Re: alloc_contig_range() with MIGRATE_MOVABLE performance regression since 4.9

From: David Hildenbrand
Date: Thu Apr 22 2021 - 14:35:38 EST


On 22.04.21 19:50, Florian Fainelli wrote:


On 4/22/2021 1:56 AM, David Hildenbrand wrote:
On 22.04.21 09:49, Michal Hocko wrote:
Cc David and Oscar who are familiar with this code as well.

On Wed 21-04-21 11:36:01, Florian Fainelli wrote:
Hi all,

I have been trying for the past few days to identify the source of a
performance regression that we are seeing with the 5.4 kernel but not
with the 4.9 kernel on ARM64. Testing something newer like 5.10 is a bit
challenging at the moment but will happen eventually.

What we are seeing is a ~3x increase in the time needed for
alloc_contig_range() to allocate 1GB in blocks of 2MB pages.

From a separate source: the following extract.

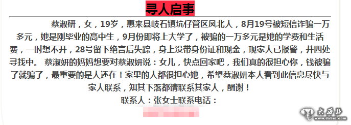 几天来,广东省惠来县的论坛、微信公号上都在转发一条寻人启事。该县歧石镇坑仔管区的19岁女孩蔡淑妍失踪了。寻人启事上蔡淑妍的母亲对她呼唤:“女儿,快点回家吧,我们真的很担心你,钱被骗了就骗了,最重要的是人还在!”
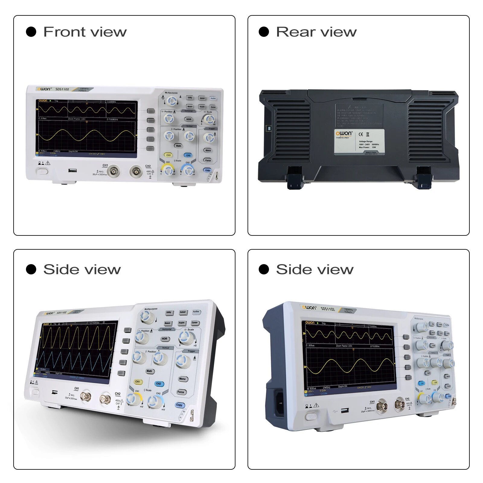 High Performance: The OWON SDS1102 oscilloscope has a 100MHz bandwidth and a 1GS/s sample rate, to offer reliable readings and high-resolution signal details. Practical Design: This 2-channel oscilloscope is designed with a 7-inch high-resolution LCD screen for clear and easy monitoring. Wide Application: It's perfect for tasks related to electronic circuit debugging, circuit testing, design and manufacture, education and training, as well as automobile maintenance and testing. Advanced Technology: It comes with SCPI and LabVIEW support for enhanced functionality and versatility. Compact and Portable: With its thin body, the device is convenient for on-the-go use, without compromising its performance.

The system
is idle at the time and there are no other contenders for memory other
than the user-space programs already started (DHCP client, shell, etc.).

Hi,

If you can easily reproduce it might be worth to just try bisecting;
that could be faster than manually poking around in the code.

Also, it would be worth having a look at the state of upstream Linux.
Upstream Linux developers tend to not care about minor performance
regressions on oldish kernels.

This is a big pain point here and I cannot agree more, but until we
bridge that gap, this is not exactly easy to do for me unfortunately and
neither is bisection :/


There has been work on improving exactly the situation you are
describing -- a "fail fast" / "no retry" mode for alloc_contig_range().
Maybe it tackles exactly this issue.

https://lkml.kernel.org/r/20210121175502.274391-3-minchan@xxxxxxxxxx

Minchan is already on cc.

This patch does not appear to be helping, in fact, I had locally applied
this patch from way back when:

https://lkml.org/lkml/2014/5/28/113

which would effectively do this unconditionally. Let me see if I can
showcase this problem a x86 virtual machine operating in similar
conditions to ours.

How exactly are you allocating these 2MiB blocks?

Via CMA->alloc_contig_range() or via alloc_contig_range() directly? I assume via CMA.

For

https://lkml.kernel.org/r/20210121175502.274391-3-minchan@xxxxxxxxxx

to do its work you'll have to pass __GFP_NORETRY to alloc_contig_range(). This requires CMA adaptions, from where we call alloc_contig_range().

--
Thanks,

David / dhildenb